──────── DATA UNDER STUDY ────────

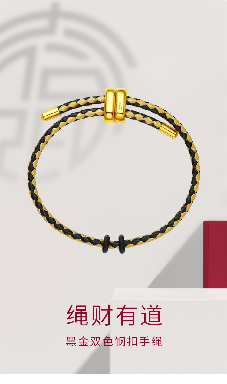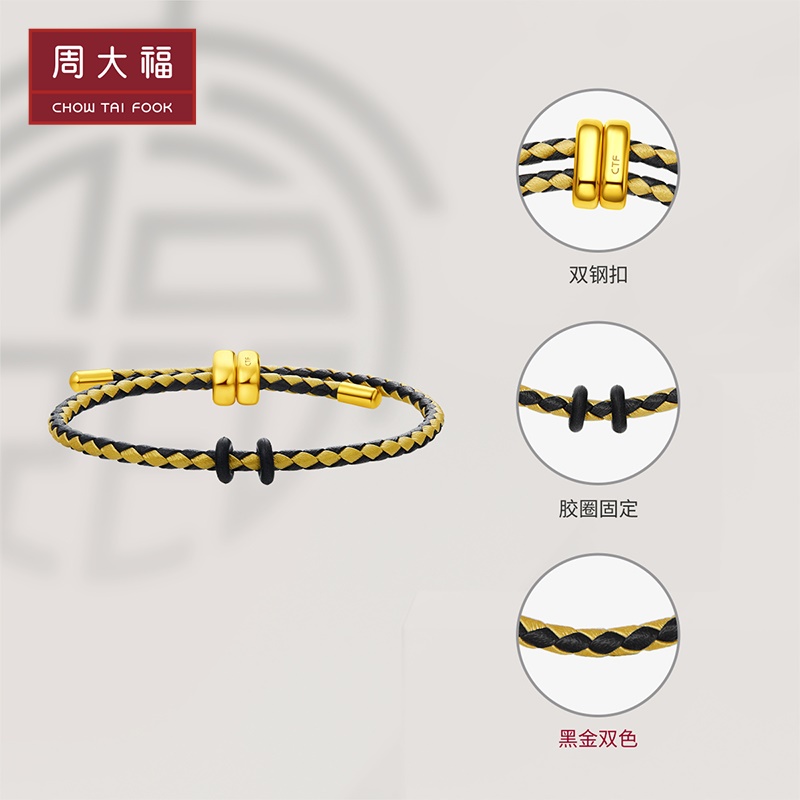 周大福 Черное золото двойное стальное пряжка для рук веревочная токсис114
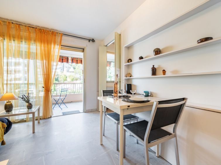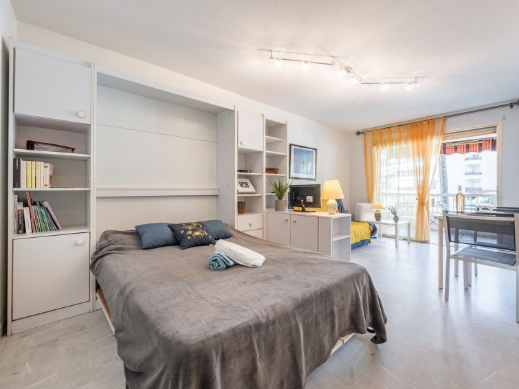 1-room studio 27 m2 on 1st floor. Comfortable furnishings: living/dining room with 1 french bed (140 cm, length 190 cm), TV and flat screen. Exit to the terrace. Kitchenette (oven, dishwasher, 4 ceramic glass hob hotplates, kettle, microwave, electric coffee machine). Hip bath/WC.
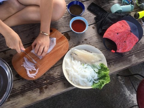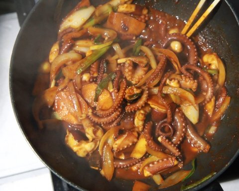 집앞에서 잡은 무늬오징어 즉석 회뜨기
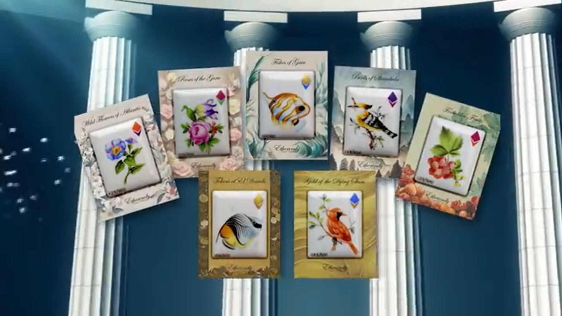 Physische Artefakte der Etherendy Premier Kollektion.
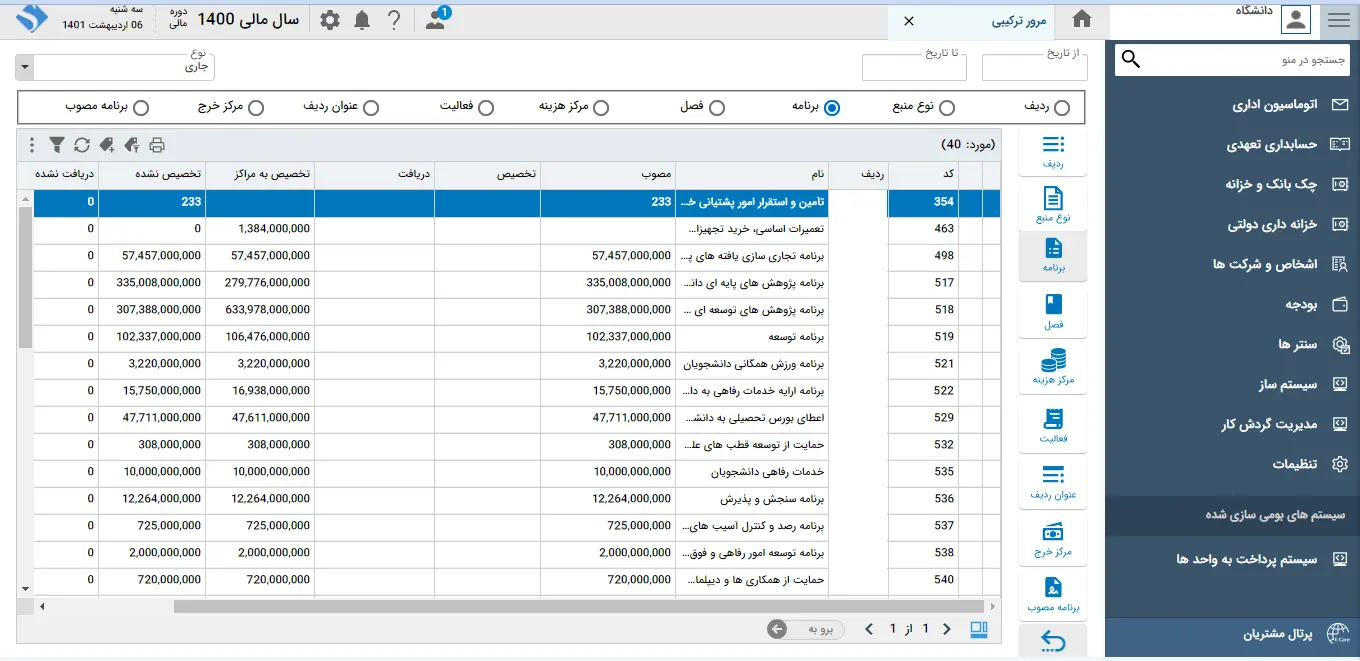 • کنترل بودجه اختصاص یافته، هماهنگ با سیستم مالی

────────

*YOUR TASK*. Return the material word for word. Pictures are not part of the copy.

*RESPONSE TO THIS TASK*.
 周大福 Черное золото двойное стальное пряжка для рук веревочная токсис114
 1-room studio 27 m2 on 1st floor. Comfortable furnishings: living/dining room with 1 french bed (140 cm, length 190 cm), TV and flat screen. Exit to the terrace. Kitchenette (oven, dishwasher, 4 ceramic glass hob hotplates, kettle, microwave, electric coffee machine). Hip bath/WC.
 집앞에서 잡은 무늬오징어 즉석 회뜨기
 Physische Artefakte der Etherendy Premier Kollektion.
 • کنترل بودجه اختصاص یافته، هماهنگ با سیستم مالی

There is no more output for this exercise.